As described above, the present invention disposes the crankshaft 15 that faces the vertical direction in the engine 11 and orients the rear side in the horizontal direction, a direction of the cylinder axis line Z being perpendicular to the vertical direction. As described above, the mount 22A is fitted to the upper mount portion. The mount 22A is formed of the resilient body and rotates integrally with the outer peripheral portion of the drive shaft housing 23. The handle bracket 21 is fitted onto the outer periphery of this mount 22A. The handle bracket 21 supports the tiller handle 20 (steering handle) turnable with respect to the upper mount portion.

Referring to FIG. 5 for the upper mount portion of the mounting device for outboard motor according to the present invention, a steering central axis 50 related to the steering force of the tiller handle 20 and a vibration central axis 51 related to a torque reaction force of the engine 11 are configured to be shifted back and forth. The torque reaction force of the engine 11 is a reaction force from a flywheel caused by burning and explosion during idling or comparatively low rotation speed.

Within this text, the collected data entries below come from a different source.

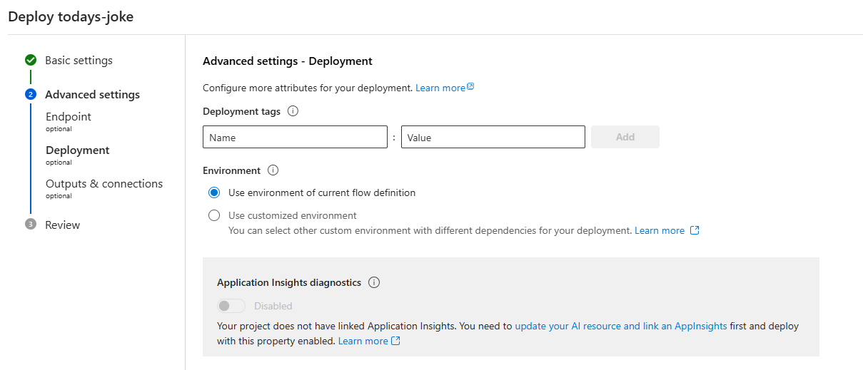 고급 설정 워크플로에서 배포 태그를 지정하고 사용자 지정 환경을 선택할 수도 있습니다.
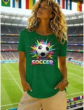 Per donna Maglietta Stampato Grafico Calcio Elegante Classico Casual Manica Corta Girocollo Top Regolari Quotidiano Sportivo Uscire Nero Bianco Verde Grigio Estate Primavera
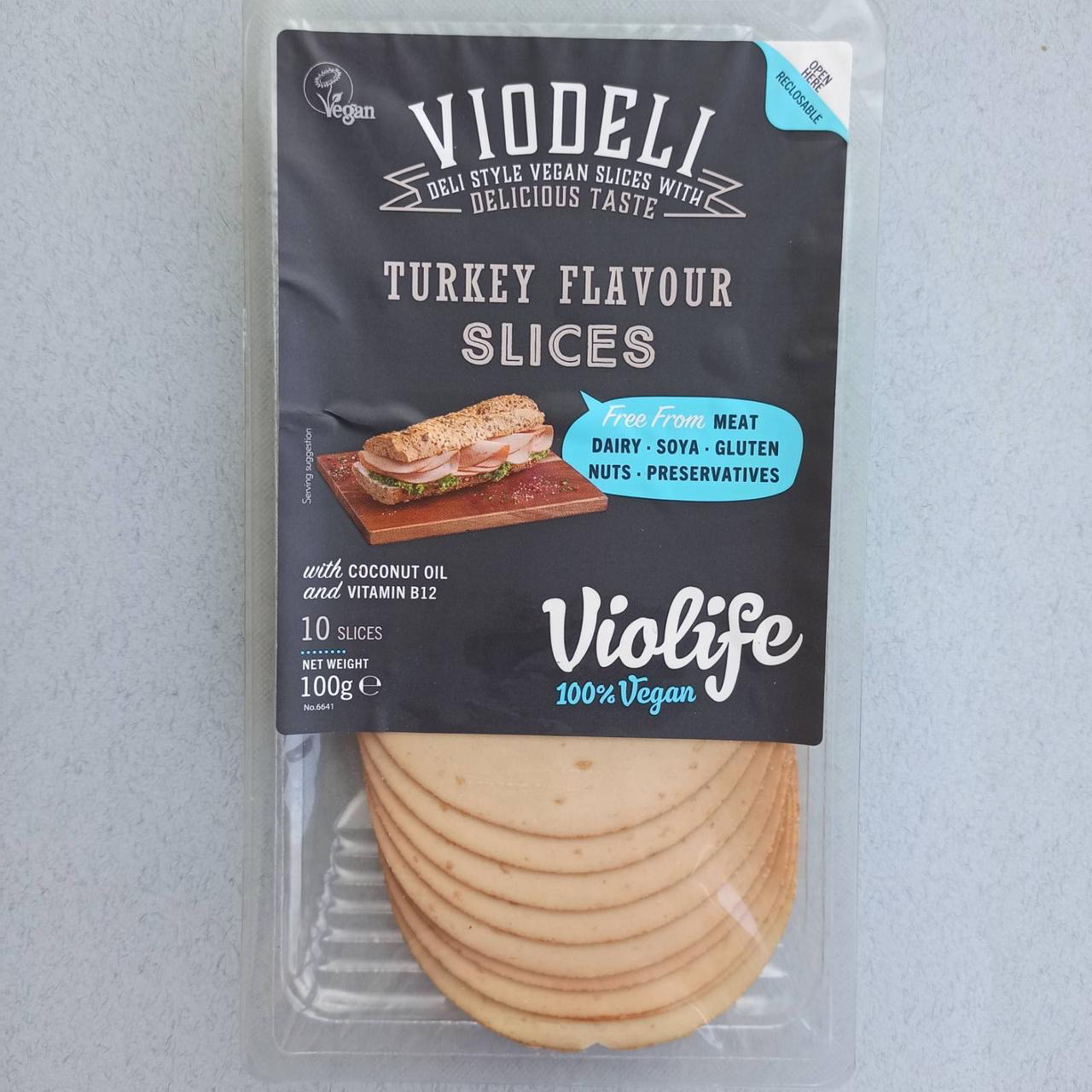 Вони ідеально пасують для сніданків, перекусів, та приготування ваших улюблених страв. Виготовлені з високоякісних рослинних інгредієнтів, ці скибочки мають смак та аромат курки, індички чи м'ясної шинки, але при цьому не містять продуктів тваринного походження, сої, глютену, лактози, горіхів і консервантів.
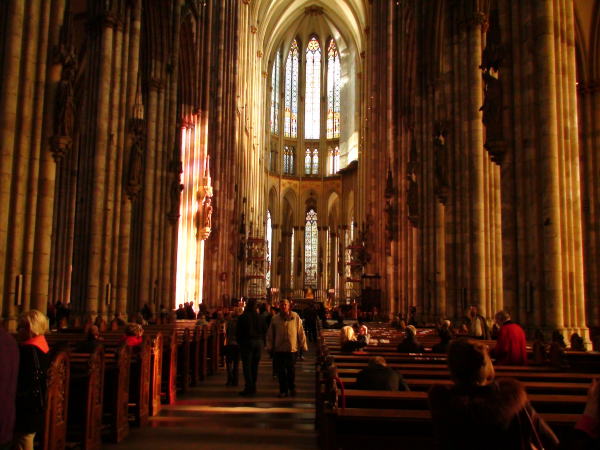 ケルン大聖堂に入り見事なステンドグラスを眺め着席する。聖堂天井から祭壇を見渡し静かに瞑想すると、どこの教会でもそうだが、信仰や宗教とは関わりなく、そうしていると、いろいろなことが心に去来する。 静かに想い巡らす事でこころ休まる。 |
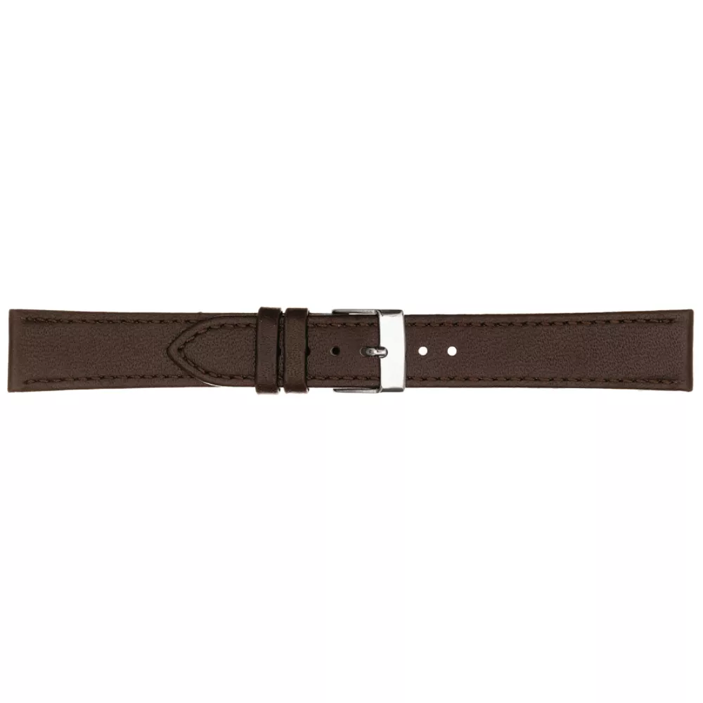 Tamno braon kaiš za sat od teleće kože širine 12mm, izrađen od vrhunske italijanske kože. Opremljen je kopčom od nerđajućeg čelika, sa unutrašnjom postavom od mikrofibera. Polustrukturisan je, sa ravnim profilom i detaljno prošiven za dodatnu izdržljivost i sofisticiran izgled.

The mount 22A (hereinafter simply referred to as a mount 22) is formed such that a spring constant related to the vibration central axis 51 is smaller than the spring constant related to the steering central axis 50. A specific configuration for the specification will be described later.

As illustrated in FIG. 5, the mount 22 includes protrusions 43 and 44 and protrusions 45 and 46 on the front, rear, left, and right and are formed into an approximately cross shape as a whole. On the other hand, the drive shaft housing 23, which is disposed inside the mount 22, includes respective protrusions 47, 48, and 49 projecting outside at inside the protrusion 44 on the rear and the left and right protrusions 45 and 46 of the mount 22. This configures radial thicknesses of the protrusion 44 on the rear and the left and the right protrusions 45 and 46 of the mount 22 thinner than that of the protrusion 43 at the front.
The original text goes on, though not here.